Its not all about the money afterall

Tuesday, August 25, 2009

The process of developing an IDEA (Integrated Data Engineering Application) sounds like such a consummately technical task doesn’t it? Sounds like you might need some client side boffo cranking out an ungodly detailed MS project file that would then mesh with a WorldAPP Statement Of Work eight tomes thick.

Well, yes and no.

I just looked at a video that a colleague of mine, Matt Haney, jabbered over. It’s fascinating stuff. First, it’s on a larger theme that has always entranced me – the subject of how to correctly motivate a workforce.

But there’s more in this pudding than just these raisins.

It also reveals how incentives can become disincentives when the work task shifts from straightforward or mechanical tasks to those that require expansive lateral thinking. (Hat tip here to one of my all times heroes, Edward de Bono, the “father of thinking”.)

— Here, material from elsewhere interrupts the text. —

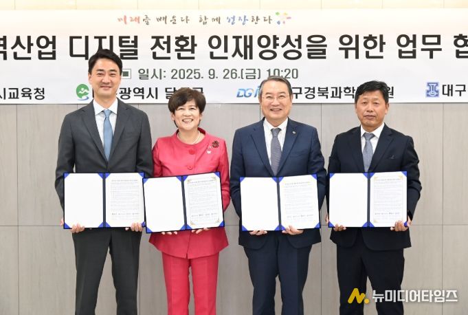 대구 달성군은 9월 26일 대구시교육청에서 대구시교육청, 대구경북과학기술원, 대구공업고등학교와 함께 지역산업 디지털 전환 인재양성 선도사업 운영을 위한 4자 업무협약을 체결했다고 밝혔다.

In the video, the presenter, Dan Pink, shows how it has been repeatedly proven that the bigger the pecuniary incentive for cognitively challenging tasks, the higher the fail rate. Hmmm…. I hope our CFO, Oleg Matsko, isn’t reading this. This means we should be cranking out IDEAS for our customers with a bunch of lateral thinking mavens from the client’s team matched with a bunch of rag-tag rightbrained geniuses on our side .…AND…if we want it to really work well…the success of the project should largely be uncoupled from its cost.